For a computer that is being used primarily for work or business though, I'd say that Windows 7 is a more effective option.


----------



## Ikrit (Oct 26, 2013)

windows 8 and 8.1 isn't as bad as people say it is, but it still got some bugs and kinks in it that need to be straighten out...


----------



## Runefox (Oct 26, 2013)

People keep thinking the Metro interface is the main/only interface Windows 8 has to offer, but it's really just a full-screen start menu. That's really all it is. It has apps and stuff but it functions exactly the same as the old start menu, and in 8.1 it's actually laid out a little better with quicker access to your programs. 8.1 also gives you the option of booting directly to the desktop, so if it's really that confusing for you and your friend, I'd recommend upgrading to 8.1. It's in the Store tile on the start screen, and it's free for Windows 8 users.

Explorer actually got a really nice overhaul with a lot of common settings right there on the ribbon (a checkbox for hidden items instead of going to the options screen and digging through the list of items? Yes please), and if you right-click in the lower left corner of the screen you'll find a quick list of extremely handy utilities right there. Task Manager is also a lot better in Windows 8, as is multiple monitor support and really most everything. If you're really not able to get over the start screen, there's programs available to replace the old start button and menu, and beyond that it's all upgrades over 7.


----------



## ArielMT (Oct 27, 2013)

The two biggest problems with Windows 8 are that Microsoft designed an interface that's grossly inappropriate for a desktop or laptop PC, and that Microsoft didn't include any instructions of any kind introducing new users to the OS's operation.  In a nutshell, Windows 8's new user experience is what people expect the Linux new user experience to be.  If it wasn't for the user experience, then Windows 8 would be across-the-board as much better than Windows 7 as Windows 7 is than Windows Vista.

In answer to the thread title, the WTF is that Microsoft's Windows division smoked from the iPhone bong.

Now to how-tos:

Drag and drop the Start Screen tiles how you want.  Make new tile groups by dragging tiles beyond the right-most or left-most group.  Right-click on a tile to select it and bring up some options: unpin apps, un_install_ apps, or shrink/grow the tile.

Click on the minus-sign button at the far right end of the bottom scrollbar to get a tile group overview.  Drag and drop tile _groups_ to change their order.  Right-click a tile group to bring up the option to name or rename the tile group.

Right-click an empty part of the Start Screen and click on the "Apps" button to get a list of all apps installed, followed by a list of all menus and icons that would be in a conventional Start Menu.  Right-click on one to bring up the option to pin it to the Start Screen.  (By default, it's pinned to a new group at the far right of the Start Screen.)

I'd suggest making the Desktop app the first tile in the first group.
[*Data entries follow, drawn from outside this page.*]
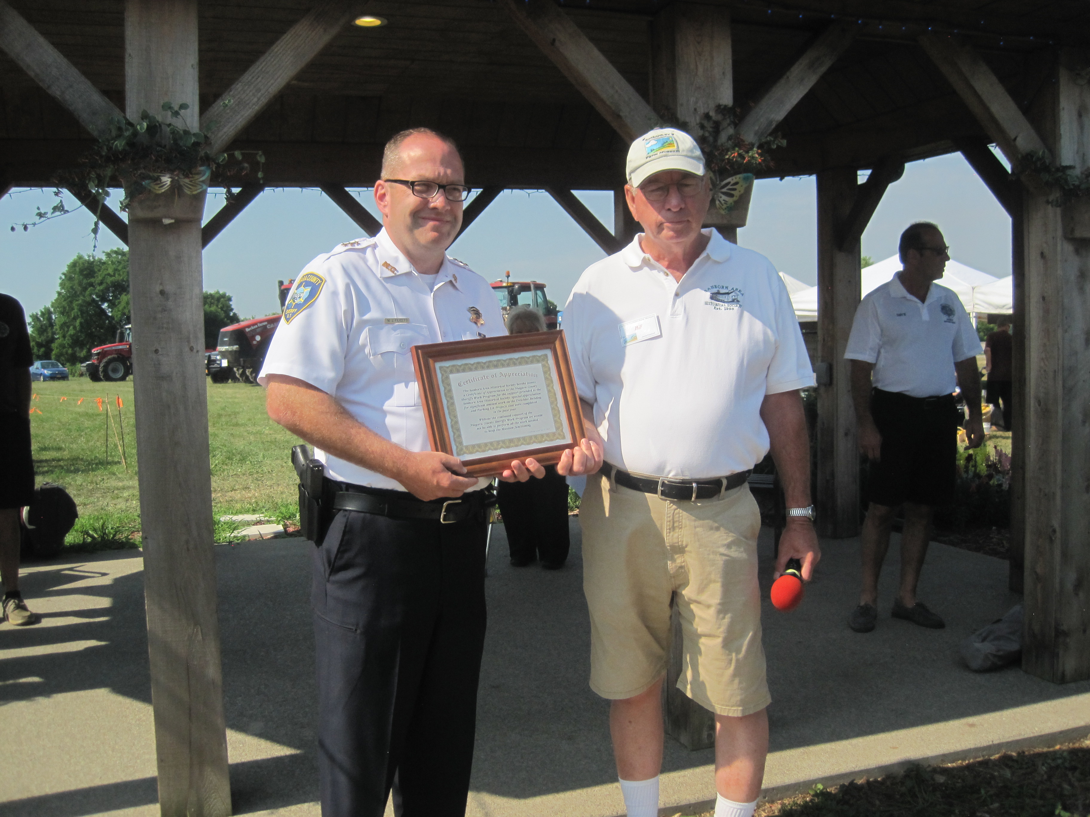 Next, the Niagara County Sheriffs Office was given a citation from the Sanborn Area Historical Society at the Sanborn-Lewiston Farm Museum Festival for providing the Sheriff’s Work Program to the society numerous times over the past years. Pictured, below, from left, Niagara County Undersheriff Mike Filicetti and Read.
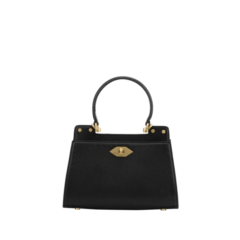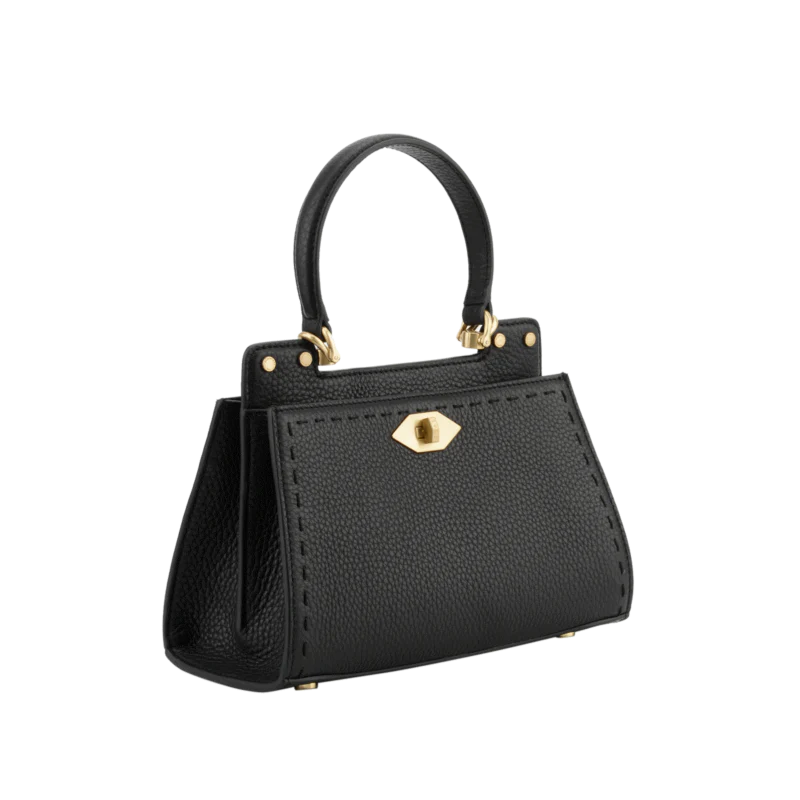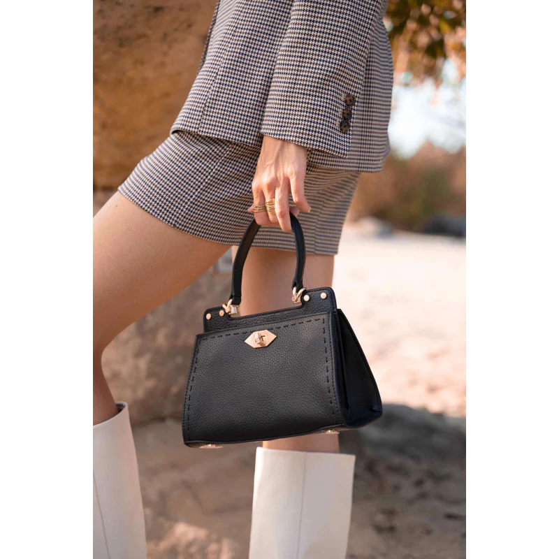 Le sac est orné de détails en métal doré, notamment une plaque avec le logo de la marque, ajoutant une touche de luxe à son design. Les coutures apparentes sur les bords soulignent l’artisanat de qualité, faisant de ce modèle un accessoire incontournable pour les femmes modernes.
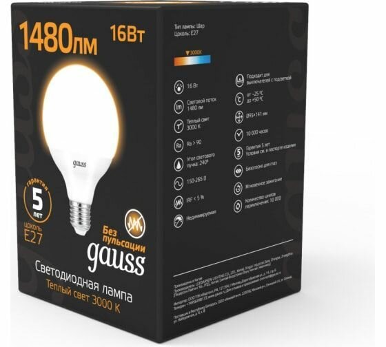 Лампа светодиодная Gauss G95 E27 16W 1360lm 3000K
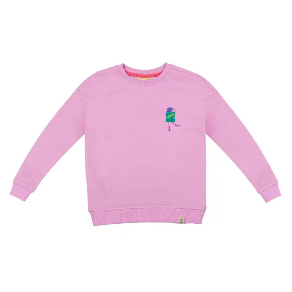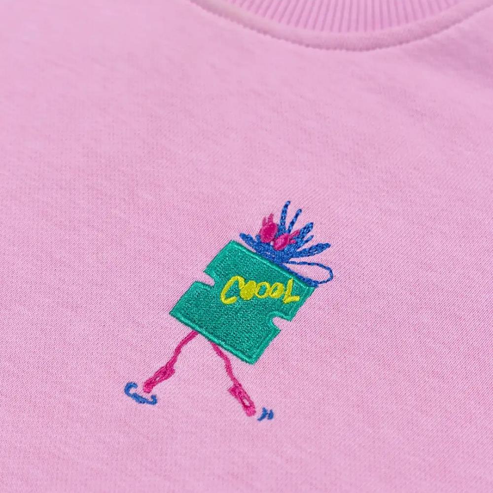 Çocuk bisiklet yaka,  eğlenceli nakış detaylı, kız çocuk ve rahat kalıp sweatshirt - Pembe Bonbon
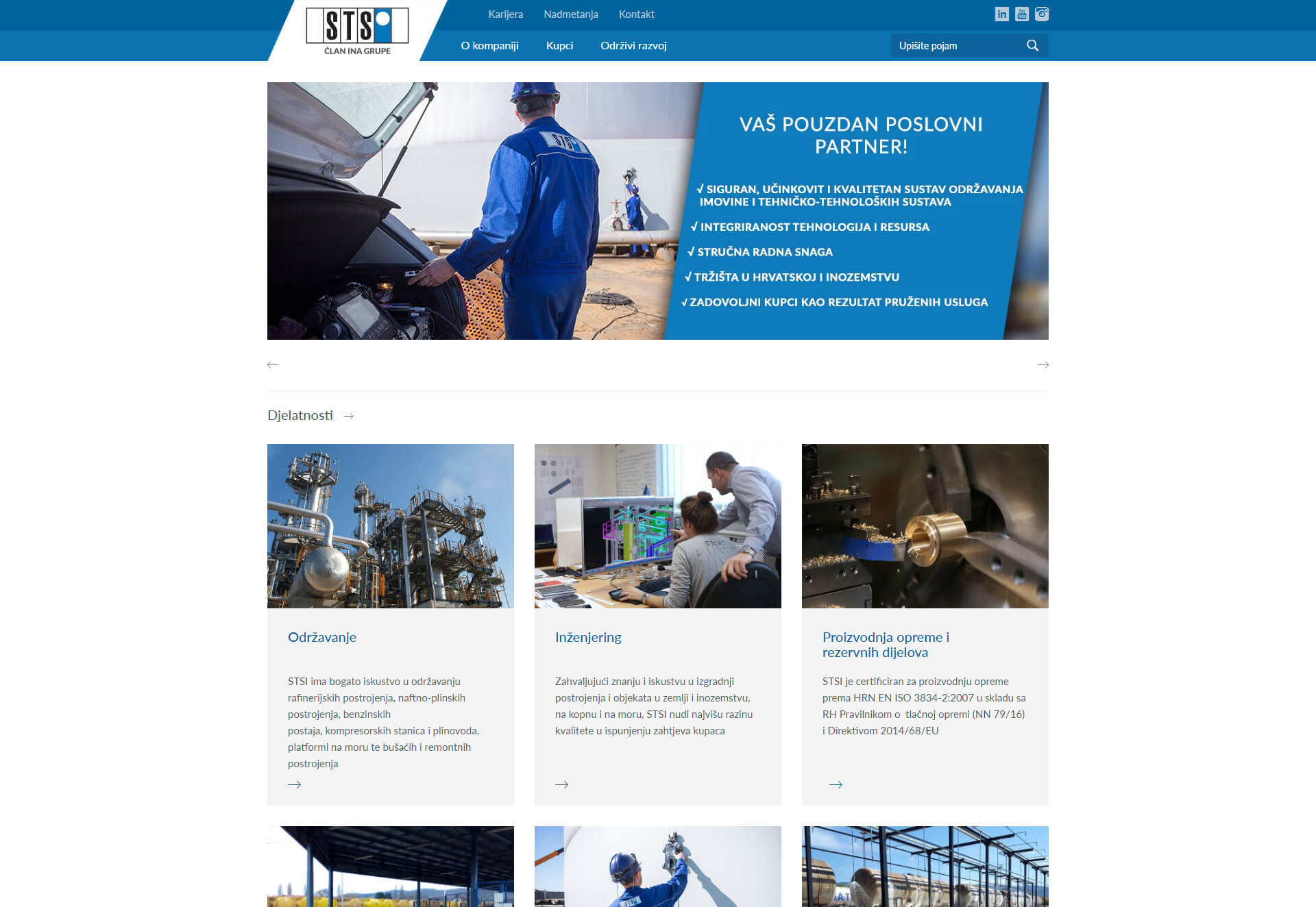 STSI d.o.o. je članica INA Grupe koja se bavi održavanjem i izgradnjom postrojenja, a ujedno je i najveća tvrtka u Hrvatskoj koja se bavi pružanjem cjelovite usluge održavanja, uključujući sve struke. Nove web stranice Globaldizajn je napravio u prepoznatljivom, korporativnom dizajnu.
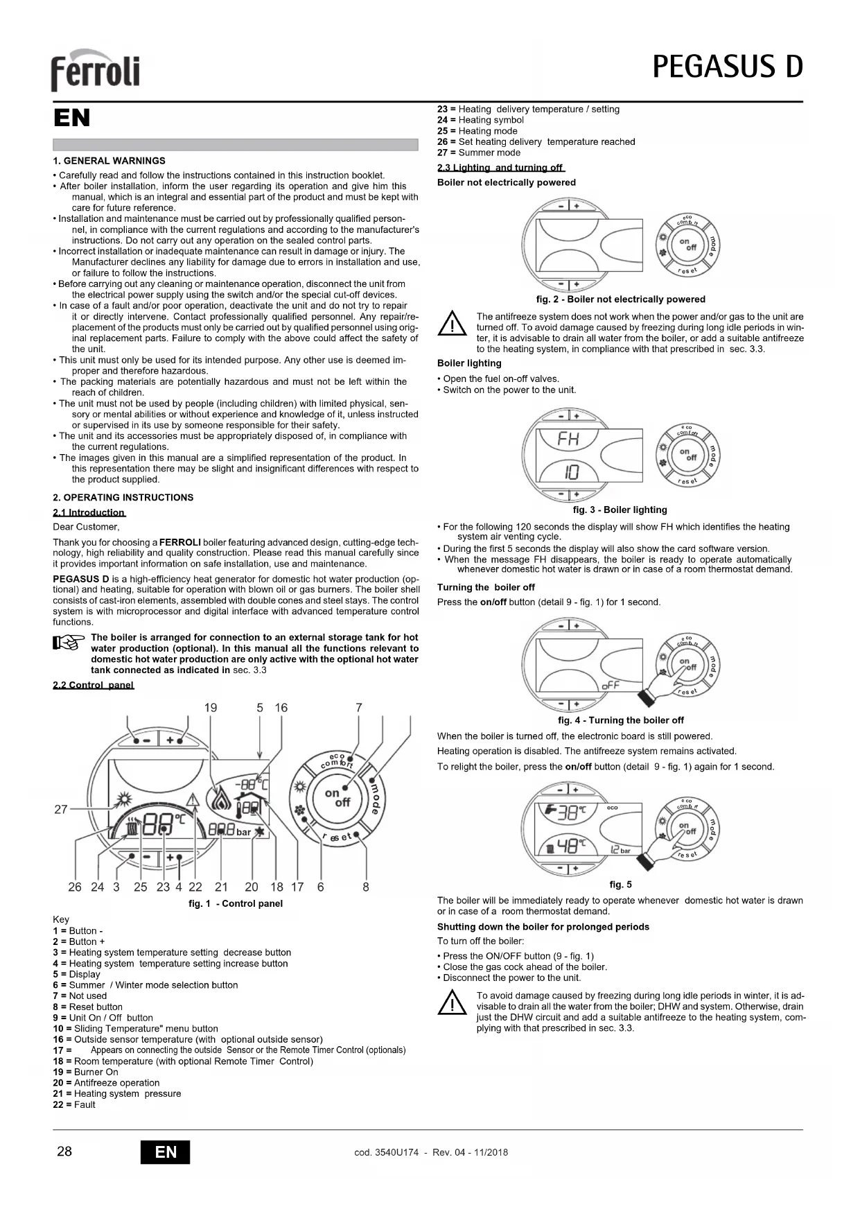 cod. 3540U174 - Rev. 04 - 11/2018EN 1. GENERAL WARNINGS• Carefully read and follow the instructions contained in this instruction booklet.• After boiler installation, inform the user regarding its operation and give him thismanual, which is an integral and essential part of the product and must be kept withcare for future reference.• Installation and maintenance must be carried out by professionally qualified person-nel, in compliance with the current regulations and according to the manufacturer'sinstructions. Do not carry out any operation on the sealed control parts.• Incorrect installation or inadequate maintenance can result in damage or injury. TheManufacturer declines any liability for damage due to errors in installation and use,or failure to follow the instructions.• Before carrying out any cleaning or maintenance operation, disconnect the unit fromthe electrical power supply using the switch and/or the special cut-off devices.• In case of a fault and/or poor operation, deactivate the unit and do not try to repairit or directly intervene. Contact professionally qualified personnel. Any repair/re-placement of the products must only be carried out by qualified personnel using orig-inal replacement parts. Failure to comply with the above could affect the safety ofthe unit.• This unit must only be used for its intended purpose. Any other use is deemed im-proper and therefore hazardous.• The packing materials are potentially hazardous and must not be left within thereach of children.• The unit must not be used by people (including children) with limited physical, sen-sory or mental abilities or without experience and knowledge of it, unless instructedor supervised in its use by someone responsible for their safety.• The unit and its accessories must be appropriately disposed of, in compliance withthe current regulations.• The images given in this manual are a simplified representation of the product. Inthis representation there may be slight and insignificant differences with respect tothe product supplied.2. OPERATING INSTRUCTIONS2.1 IntroductionDear Customer, Thank you for choosing a FERROLI boiler featuring advanced design, cutting-edge tech- nology, high reliability and quality construction. Please read this manual carefully sinceit provides important information on safe installation, use and maintenance.PEGASUS D is a high-efficiency heat generator for domestic hot water production (op-tional) and heating, suitable for operation with blown oil or gas burners. The boiler shellconsists of cast-iron elements, assembled with double cones and steel stays. The controlsystem is with microprocessor and digital interface with advanced temperature controlfunctions. The boiler is arranged for connection to an external storage tank for hotwater production (optional). In this manual all the functions relevant todomestic hot water production are only active with the optional hot watertank connected as indicated in sec. 3.32.2 Control panelfig. 1 - Control panel Key 1 = Button -2 = Button +3 = Heating system temperature setting decrease button4 = Heating system temperature setting increase button5 = Display6 = Summer / Winter mode selection button7 = Not used8 = Reset button9 = Unit On / Off button10 = Sliding Temperature" menu button16 = Outside sensor temperature (with optional outside sensor) 17 = Appears on connecting the outside Sensor or the Remote Timer Control (optionals)18 = Room temperature (with optional Remote Timer Control)19 = Burner On20 = Antifreeze operation21 = Heating system pressure22 = Fault23 = Heating delivery temperature / setting24 = Heating symbol25 = Heating mode26 = Set heating delivery temperature reached27 = Summer mode2.3 Lighting and turning offBoiler not electrically poweredfig. 2 - Boiler not electrically powered The antifreeze system does not work when the power and/or gas to the unit areturned off. To avoid damage caused by freezing during long idle periods in win-ter, it is advisable to drain all water from the boiler, or add a suitable antifreezeto the heating system, in compliance with that prescribed in sec. 3.3.Boiler lighting• Open the fuel on-off valves.• Switch on the power to the unit.fig. 3 - Boiler lighting• For the following 120 seconds the display will show FH which identifies the heatingsystem air venting cycle.• During the first 5 seconds the display will also show the card software version.• When the message FH disappears, the boiler is ready to operate automaticallywhenever domestic hot water is drawn or in case of a room thermostat demand.Turning the boiler off Press the on/off button (detail 9 - fig. 1) for 1 second. fig. 4 - Turning the boiler offWhen the boiler is turned off, the electronic board is still powered.Heating operation is disabled. The antifreeze system remains activated. To relight the boiler, press the on/off button (detail 9 - fig. 1) again for 1 second. fig. 5The boiler will be immediately ready to operate whenever domestic hot water is drawnor in case of a room thermostat demand.Shutting down the boiler for prolonged periodsTo turn off the boiler:• Press the ON/OFF button (9 - fig. 1)• Close the gas cock ahead of the boiler.• Disconnect the power to the unit. To avoid damage caused by freezing during long idle periods in winter, it is ad-visable to drain all the water from the boiler; DHW and system. Otherwise, drainjust the DHW circuit and add a suitable antifreeze to the heating system, com-plying with that prescribed in sec. 3.3.
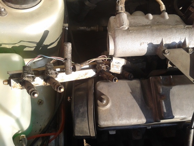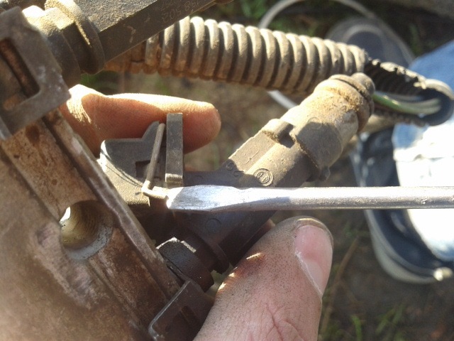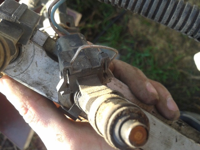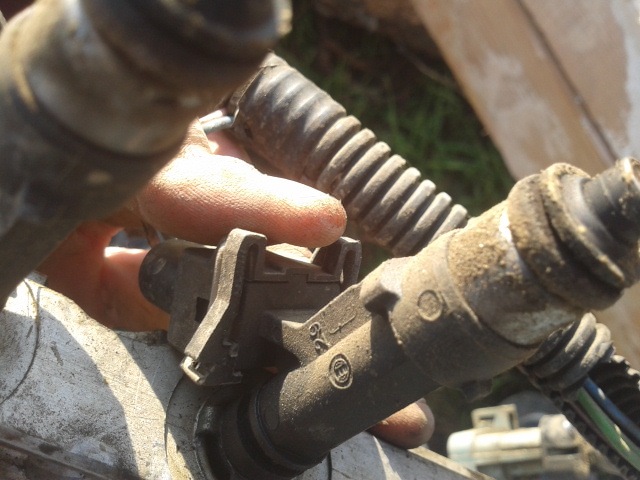 8. Снимаем проводку с форсунок, тут нужна отвертка, пальцем давим на пружинку (П-образная железка).
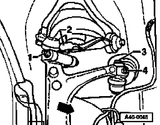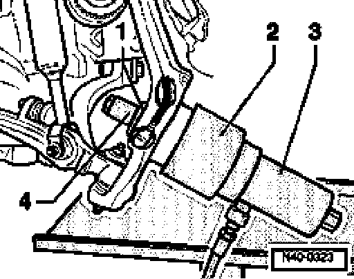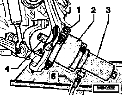 - Remove nut -1-, take out hex bolt and remove both links -2- out upward.
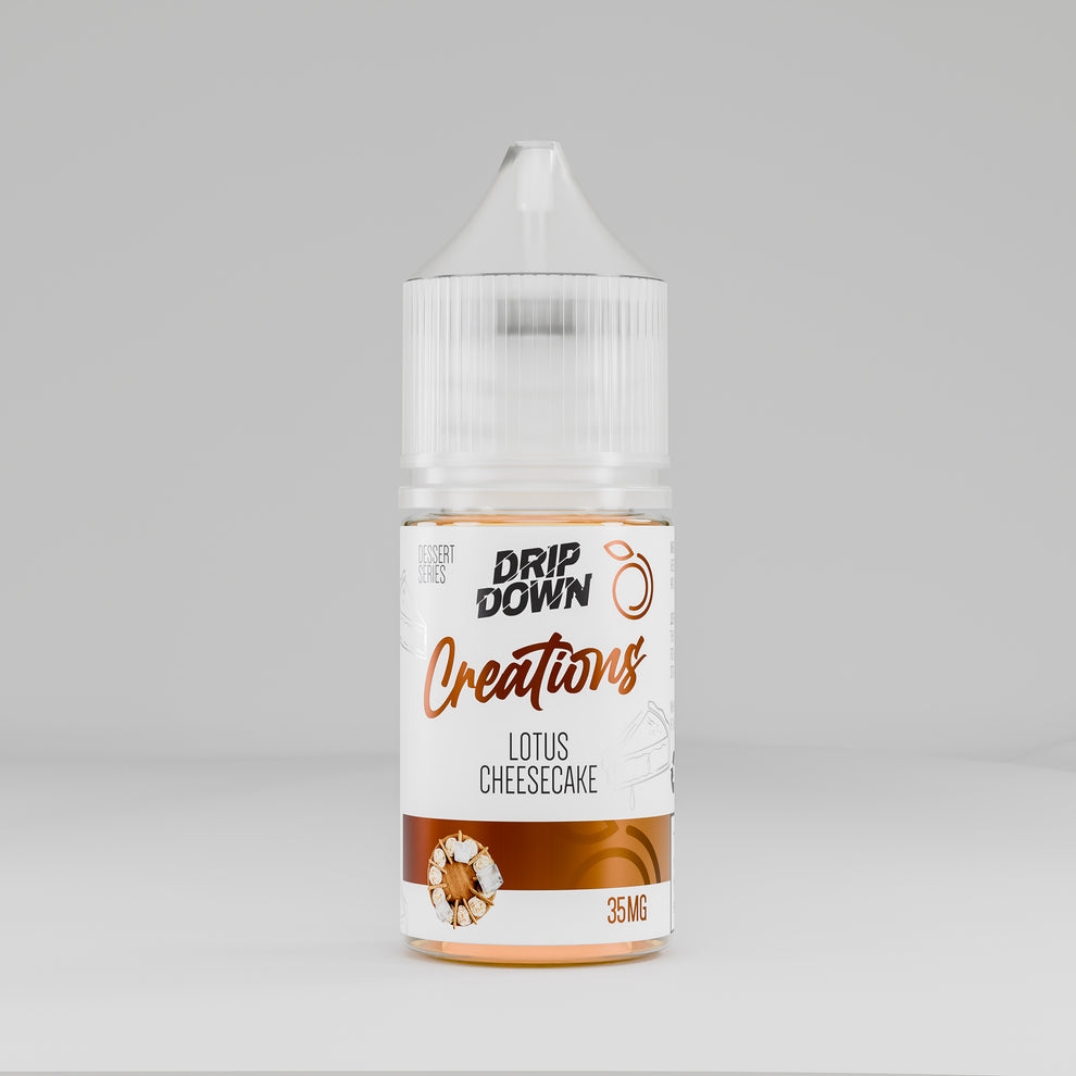 Lotus cheese cake drip down creations 30ml salt nicotine flavor each puff delivers biscuit sweetness on velvet smoothness of cheesecake, a hint of caramel glaze.

To close a Metro app, point the arrow at the top edge (where it turns into a hand), drag all the way down from the top to the bottom, and let go when the app preview drops to the bottom edge.  Some apps, like the Desktop, don't make sense to close, but the same action works to dismiss it without closing it.  (It's at least _that_ consistent.)

If you have more than one app open (and the Desktop counts as one), then you can drag from the top to either right or left end to dock the app as a side app.  (Many apps don't know how to behave as a side app.)

The quickest way out of a Metro app is hitting the Windows logo key.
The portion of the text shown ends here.